“Deny—I’m not fucking your waiter.” He laughs.

“You both could probably use it.” Dennis cracks.

“Shut up!” Matthew laughs.

“Ten years Matty—”

The energy in the cab drops.

“Today.” Matthew’s chest tightens. “He’s been gone ten years today, Den.” His lip wavers.

“I know, babe.” Dennis reaches over to pet Matthew’s forearm.

His eyes flood as Dennis’ hand flips the release valve.

“You okay?”

“I miss him every day.” His knuckles go white gripping the steering wheel.

“Me too.” Dennis pulls his hand back.

“I can’t believe it's been 10 years.” Matthew smears his wet cheeks with the heel of his palm. “Adam would have loved your cabin.” His smile wrings more tears. He recollects the image of Adam’s perfect smile. His trademark. It had been the first thing about Adam to draw Matthew in so many years ago. They met in Beauty School.

Matthew worked part-time waiting tables in the restaurant Dennis was just starting in his first head-chef position. Matthew and Dennis were dating at the time, just a casual fling really but then came Adam.

Matthew fell head-over-heels and initiated an amicable split with Dennis, who was already eyeing Robbie, the new busboy, anyway.

Adam was the love of his life. Pancreatic cancer came on rapidly. It was stage four when they found out.

He and Matthew were just six months into the opening of their shop together. Freshly married and business-partnered. Adam tripped over the floor mat under his styling chair and landed on his scissors.

Impaling his hand had been the thing to finally get him into the doctor, after putting it off for months. Excusing the growing pain in his abdomen as a pulled muscle from yoga, or just irritated bones from bad posture in the salon all day.

The puncture in his palm was nothing compared to the gut-stabbing news he was dying that came a week after the biopsy. He wished he had never brought up the topic of cramps to the doctor.

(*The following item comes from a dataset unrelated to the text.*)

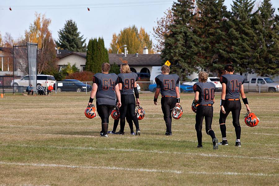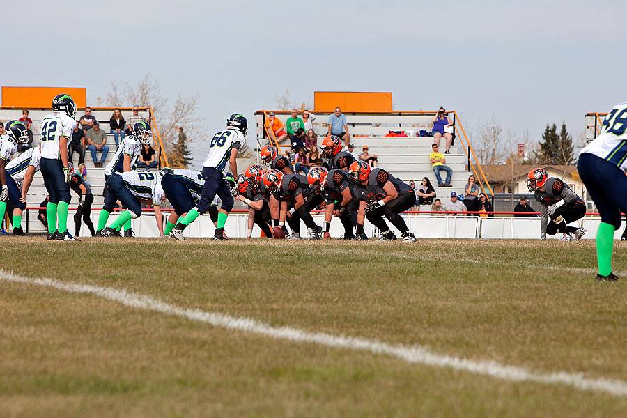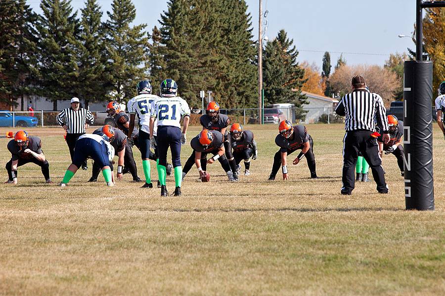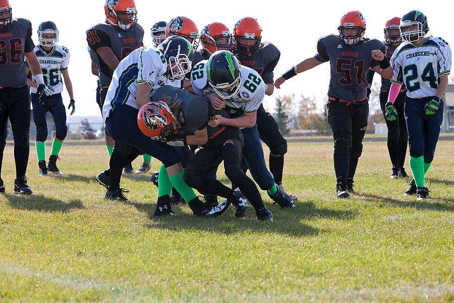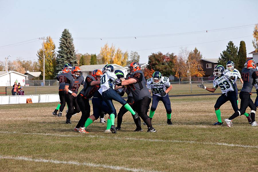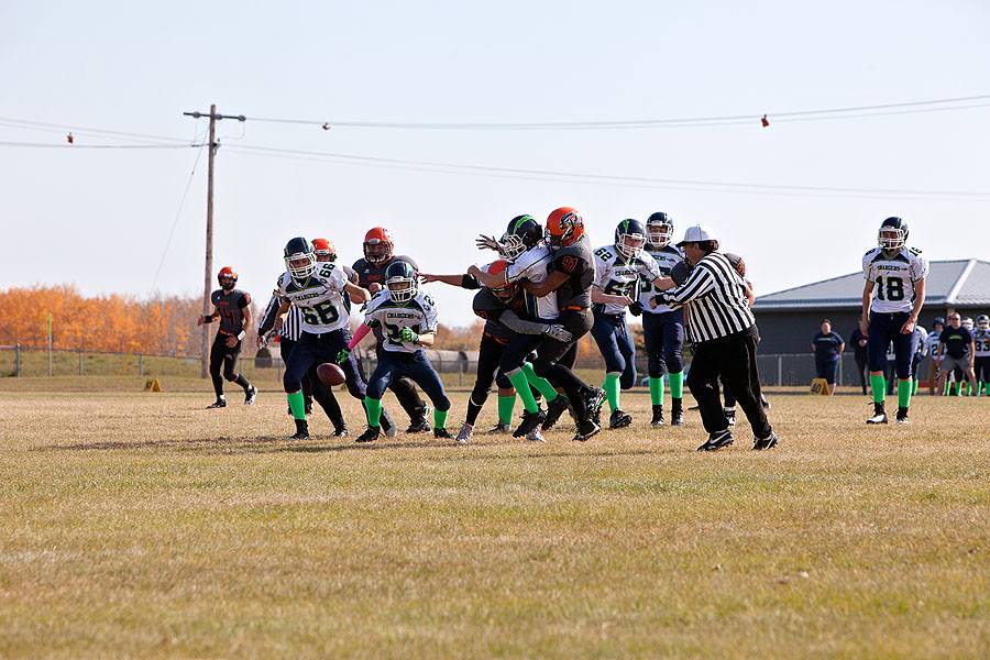 Odin ‘the Wall’ Smith making a tackle and stripping the ball in the second quarter for a turnover. Charlie ‘Chuckles’ Rogal with an interception carrying the ball 15 yards before being pulled down. ‘Danny Boy’ Cardinal with a tackle on the 20 yard line to save a Chargers touchdown. This coming weekend the Bengals will be off eating Thanksgiving turkey, bulking up for the biggest test of the year against the only other undefeated team in the league, Bonnyville on October 14th. This will be the last regular season game, the winner clutching first place, the loser second place, a match up that will likely be a preview of the league championship.

Adam and Matthew joked it was probably all the hair color fumes over the years. It was going to kill them both eventually. Trying to keep each other’s spirits up with humor. The joke became less funny when Adam’s signature shoulder-length golden locks fell to his feet in the shower, three weeks into chemo treatments.

Matthew held him for hours as he finally gave in to the reality of the situation and sobbed. Huddled on the tile floor. Matthew hid his tears behind closed doors and under running water during those weeks. He held strong while Adam let loose.

Three months later he was still holding him. After the chemo didn't work and all they could do was make the best of the remaining time. They emptied their savings account and went on a European tour for a month. Only heading back home when Adam couldn't bear his pain anymore. Medications no longer masked it.

He died in Matthew’s arms. A hollow version of the man he knew and loved to the very last breath.

The manager they hired nearly bankrupted the salon while they were making the best of Adam’s last months. Matthew couldn't be bothered to check in while the love of his life was dying.

He buried himself in work after he buried his husband. He spent years building back in Adam’s honor and then expanding into the bigger studio after the fire. Matthew Adams Salon is a go-to in Atlanta now. Two stories in a downtown loft, with 27 employees.

“The Donut Hole is just up around the bend.” Dennis waves a finger at the curve ahead. “Wait until you taste these eclairs!” Dennis pets his belly.

Chapter 7

The Hike

“Oh, booyysss.” Robbie provokes the entwined twinks cuddled on the pullout sofa in the daylight basement sitting room. “Wakey wakey.” He shakes a foot, unsure which of the pretzeled pair it belongs to.

Brendon snickers with arms crossed, rocking the sole of his sneaker.

“Get up—we’re going for a hike.” Robbie nudges the mattress with his knee.